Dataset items
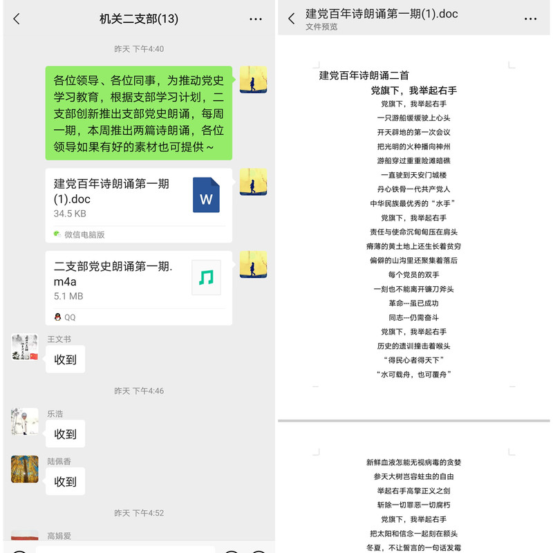 “黨旗下,我舉起右手,一只游船緩緩駛上心頭,開天辟地的第一次會(huì)議,把光明的火種播向神州……”4月21日,新洋農(nóng)場(chǎng)有限公司機(jī)關(guān)二支部微信群里,支部黨建助理員分享了建黨百年朗誦第一期音頻,這是該支部創(chuàng)新黨史學(xué)習(xí)教育形式的新內(nèi)容。自黨史學(xué)習(xí)教育開展以來,機(jī)關(guān)二支部緊緊圍繞“學(xué)黨史、悟思想、辦實(shí)事、開新局”總要求,堅(jiān)持多措并舉,力求黨史學(xué)習(xí)教育走“新”更走“心”。
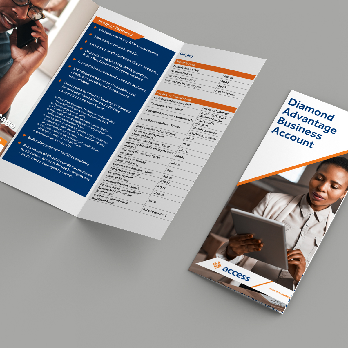 Access Bank has a footprint across multiple African countries and has since expanded into the South African market. We have been part of the team of creative experts involved in developing their print and digital communications for the South African audience.
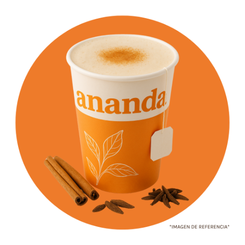 Infusión especiada de té chai con leche caliente, suave y reconfortante. ideal para una pausa cálida y aromática.
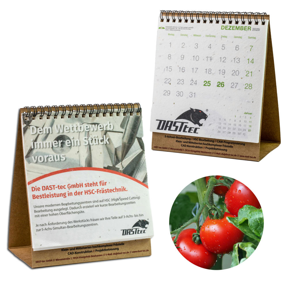 In einer hektischen Welt, in der wir uns oft von der Natur entfremden, ist es wichtiger denn je, sie in unseren Alltag zu integrieren. Unser Samenpapier Tischkalender bietet eine einzigartige Verbindung zwischen Funktionalität und Naturverbundenheit. Der Fuß besteht aus Kraftpapier, die Vorder- und Rückseite werden individuell bedruckt. Die erste Seite der 7 Samenpapier-Blätter wird vollflächig individuell bedruckt. Auf den Monatsseiten ist jeweils ein Druckfeld in der Größe von 92 x 37 mm individuell bedruckbar (ein Motiv für alle Seiten).Alle 7 Samenpapierseiten enthalten denselben Samen. Zur Auswahl stehen die Samen von Minze, Lavendel, Kamille, Rudbeckia, Mohn, Gänseblümchen, Wildblumenmischung, Karotte oder Tomate. Wenn das Kalenderblatt nicht mehr benötigt wird, kann es eingepflanzt werden und man schenkt seiner Umgebung eine kleine, grüne Oase des Glücks und der Achtsamkeit.
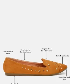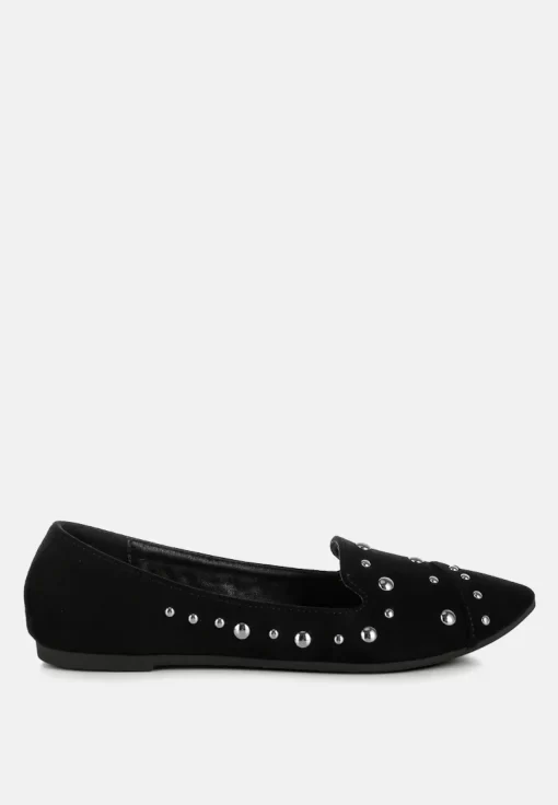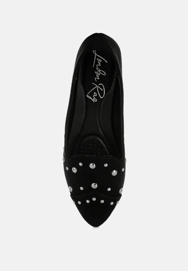 The flat ballerinas are a versatile style that will amp up your everyday basics with their edgy stud embellishments. The ballerinas have a soft cushion insole which cuts strain and offers a relaxed fit.
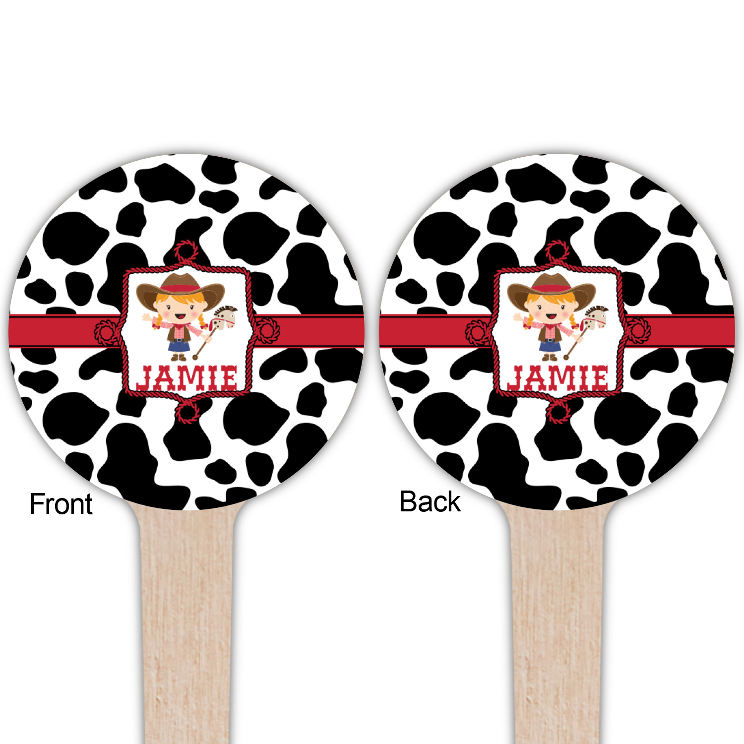This western themed design is perfect a cowboy or cowgirl. The background is cow print, with a red ribbon in the center. The label is made of rope and you can customize it by choosing a cowgirl or a cowboy.
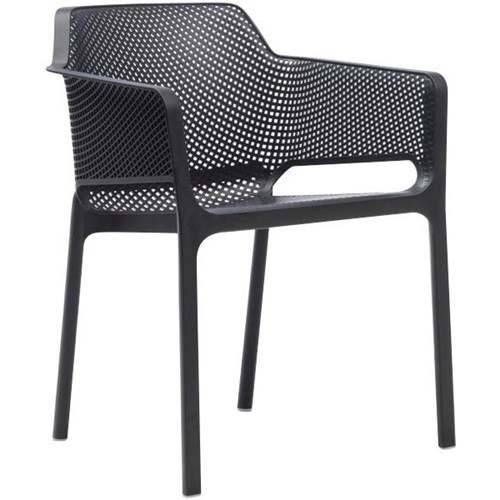 This Net Cafe Chair is a practical addition to any restaurant or cafeteria. It has a durable construction and is made from fibreglass and polypropylene resins. It has special UV additives making it suitable for both indoor and outdoor use. The matt finish and bold black colour will make a statement in any space. The unusual mesh look design is attractive and allows for ventilation. They are easily stackable for storage convenience.
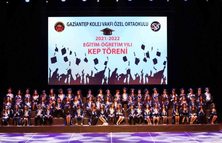 2021-2022 eğitim öğretim yılının sona ermesiyle birlikte Gaziantep Kolej Vakfı Özel Okulları bünyesinde faaliyet gösteren kurumlarda kep töreni heyecanı yaşanıyor. GKV Özel ilkokulunun ardından bu kez de Gaziantep Kolej Vakfı Özel Ortaokulu’ndan bu yıl mezun olan öğrenciler için coşkulu bir kep töreni düzenlendi. Gaziantep Kolej Vakfı Mütevelli-Yönetim Kurulu Başkanı Seyhan Fesli, GKV Mütevelli ve Yönetim Kurulu Üyesi Osman Kıratlı, GKV Özel Okulları Genel Müdürü İsmet TİRYAKİ, GKV Özel Ortaokulu Müdürü Seçil Güldemet, idareci, öğretmenler ve velilerin yanı sıra çok sayıda davetlinin katılımıyla gerçekleştirilen kep törende coşku dolu anlar yaşandı.
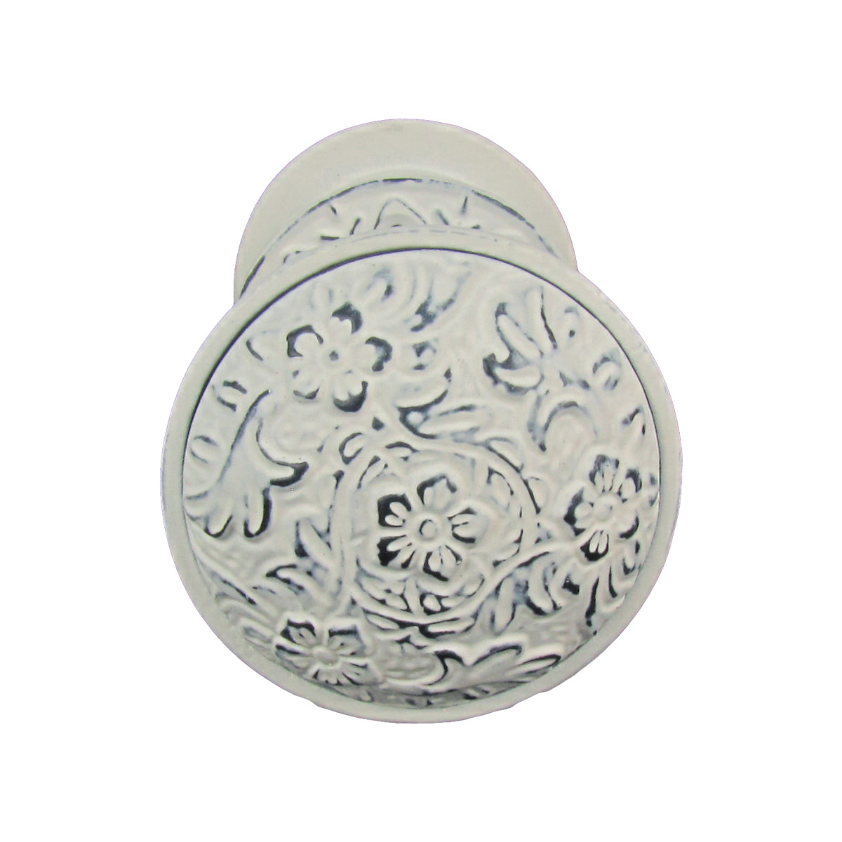 Bring vintage elegance into your home with this truly spectacular Antique Ornate Floral Door Knob Set. There is nothing more charming and tasteful than this antique reproduction set of 2 knobs with the shaft included. The Doorknobs feature a unique and remarkable embossed floral design all over the handle and the trim cover. The metal is brushed in a fine antique style white paint that can add to any decor. The Floral Doorknob measures 6 1/2" Long, 3 1/4" Wide, and 3 1/4" Deep when mounted to the door. Additionally, the shaft measures 1/4" in Thickness. The Antique Ornate Floral Door Knob Set ships brand new in manufacturer's packaging with our 100% Customer Satisfaction Guarantee.
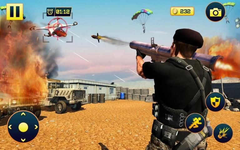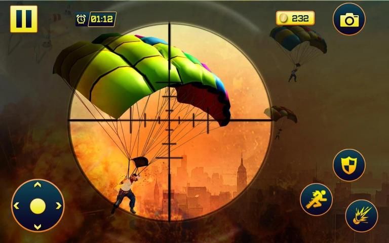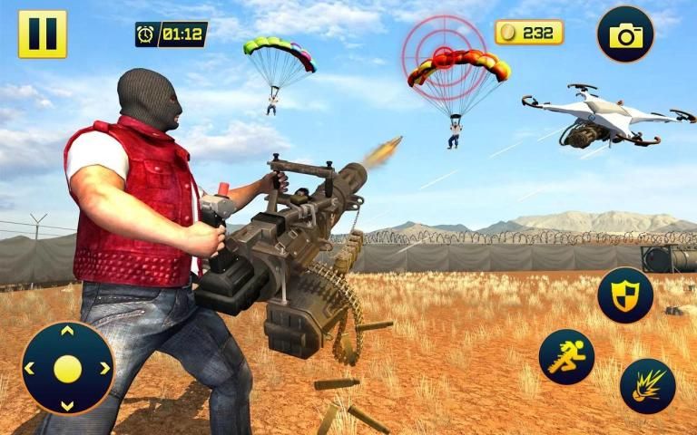 पैराशूट आपको युद्ध में पैराशूट पर हमला करने वाले प्लेन, बाज़ूका गेम के हथियारों या गोला-बारूद में रॉकेट के साथ शूटिंग के खेल में द्वीप पर आने में सक्षम करेगा। हथियारों को इकट्ठा करें और विमानों को शूट करने के लिए तैयार करें एंटी-एयरक्राफ्ट गन हमले में। एयरप्लेन शूटिंग लॉन्चर गेम का आवश्यक बिंदु इस लक्ष्य शूटिंग स्ट्राइक गेम में जेट्स को मारना है।
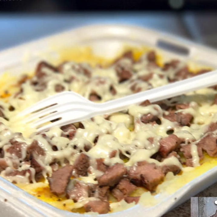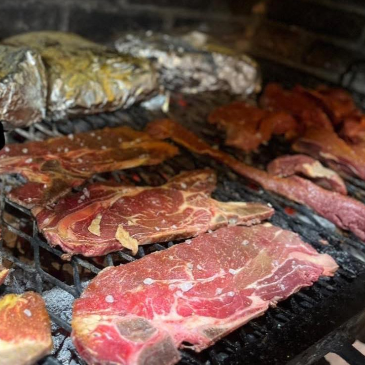 Paquete de arrachera asada que incluye salchicha campestre, cebollitas, tortillas, toreados, y dos papas asadas.

* [Required action] The reply should contain all of the data above, word for word, with no pictures.

* [Exercise result]
 “黨旗下,我舉起右手,一只游船緩緩駛上心頭,開天辟地的第一次會(huì)議,把光明的火種播向神州……”4月21日,新洋農(nóng)場(chǎng)有限公司機(jī)關(guān)二支部微信群里,支部黨建助理員分享了建黨百年朗誦第一期音頻,這是該支部創(chuàng)新黨史學(xué)習(xí)教育形式的新內(nèi)容。自黨史學(xué)習(xí)教育開展以來,機(jī)關(guān)二支部緊緊圍繞“學(xué)黨史、悟思想、辦實(shí)事、開新局”總要求,堅(jiān)持多措并舉,力求黨史學(xué)習(xí)教育走“新”更走“心”。
 Access Bank has a footprint across multiple African countries and has since expanded into the South African market. We have been part of the team of creative experts involved in developing their print and digital communications for the South African audience.
 Infusión especiada de té chai con leche caliente, suave y reconfortante. ideal para una pausa cálida y aromática.
 In einer hektischen Welt, in der wir uns oft von der Natur entfremden, ist es wichtiger denn je, sie in unseren Alltag zu integrieren. Unser Samenpapier Tischkalender bietet eine einzigartige Verbindung zwischen Funktionalität und Naturverbundenheit. Der Fuß besteht aus Kraftpapier, die Vorder- und Rückseite werden individuell bedruckt. Die erste Seite der 7 Samenpapier-Blätter wird vollflächig individuell bedruckt. Auf den Monatsseiten ist jeweils ein Druckfeld in der Größe von 92 x 37 mm individuell bedruckbar (ein Motiv für alle Seiten).Alle 7 Samenpapierseiten enthalten denselben Samen. Zur Auswahl stehen die Samen von Minze, Lavendel, Kamille, Rudbeckia, Mohn, Gänseblümchen, Wildblumenmischung, Karotte oder Tomate. Wenn das Kalenderblatt nicht mehr benötigt wird, kann es eingepflanzt werden und man schenkt seiner Umgebung eine kleine, grüne Oase des Glücks und der Achtsamkeit.
 The flat ballerinas are a versatile style that will amp up your everyday basics with their edgy stud embellishments. The ballerinas have a soft cushion insole which cuts strain and offers a relaxed fit.
This western themed design is perfect a cowboy or cowgirl. The background is cow print, with a red ribbon in the center. The label is made of rope and you can customize it by choosing a cowgirl or a cowboy.
 This Net Cafe Chair is a practical addition to any restaurant or cafeteria. It has a durable construction and is made from fibreglass and polypropylene resins. It has special UV additives making it suitable for both indoor and outdoor use. The matt finish and bold black colour will make a statement in any space. The unusual mesh look design is attractive and allows for ventilation. They are easily stackable for storage convenience.
 2021-2022 eğitim öğretim yılının sona ermesiyle birlikte Gaziantep Kolej Vakfı Özel Okulları bünyesinde faaliyet gösteren kurumlarda kep töreni heyecanı yaşanıyor. GKV Özel ilkokulunun ardından bu kez de Gaziantep Kolej Vakfı Özel Ortaokulu’ndan bu yıl mezun olan öğrenciler için coşkulu bir kep töreni düzenlendi. Gaziantep Kolej Vakfı Mütevelli-Yönetim Kurulu Başkanı Seyhan Fesli, GKV Mütevelli ve Yönetim Kurulu Üyesi Osman Kıratlı, GKV Özel Okulları Genel Müdürü İsmet TİRYAKİ, GKV Özel Ortaokulu Müdürü Seçil Güldemet, idareci, öğretmenler ve velilerin yanı sıra çok sayıda davetlinin katılımıyla gerçekleştirilen kep törende coşku dolu anlar yaşandı.
 Bring vintage elegance into your home with this truly spectacular Antique Ornate Floral Door Knob Set. There is nothing more charming and tasteful than this antique reproduction set of 2 knobs with the shaft included. The Doorknobs feature a unique and remarkable embossed floral design all over the handle and the trim cover. The metal is brushed in a fine antique style white paint that can add to any decor. The Floral Doorknob measures 6 1/2" Long, 3 1/4" Wide, and 3 1/4" Deep when mounted to the door. Additionally, the shaft measures 1/4" in Thickness. The Antique Ornate Floral Door Knob Set ships brand new in manufacturer's packaging with our 100% Customer Satisfaction Guarantee.
 पैराशूट आपको युद्ध में पैराशूट पर हमला करने वाले प्लेन, बाज़ूका गेम के हथियारों या गोला-बारूद में रॉकेट के साथ शूटिंग के खेल में द्वीप पर आने में सक्षम करेगा। हथियारों को इकट्ठा करें और विमानों को शूट करने के लिए तैयार करें एंटी-एयरक्राफ्ट गन हमले में। एयरप्लेन शूटिंग लॉन्चर गेम का आवश्यक बिंदु इस लक्ष्य शूटिंग स्ट्राइक गेम में जेट्स को मारना है।
 Paquete de arrachera asada que incluye salchicha campestre, cebollitas, tortillas, toreados, y dos papas asadas.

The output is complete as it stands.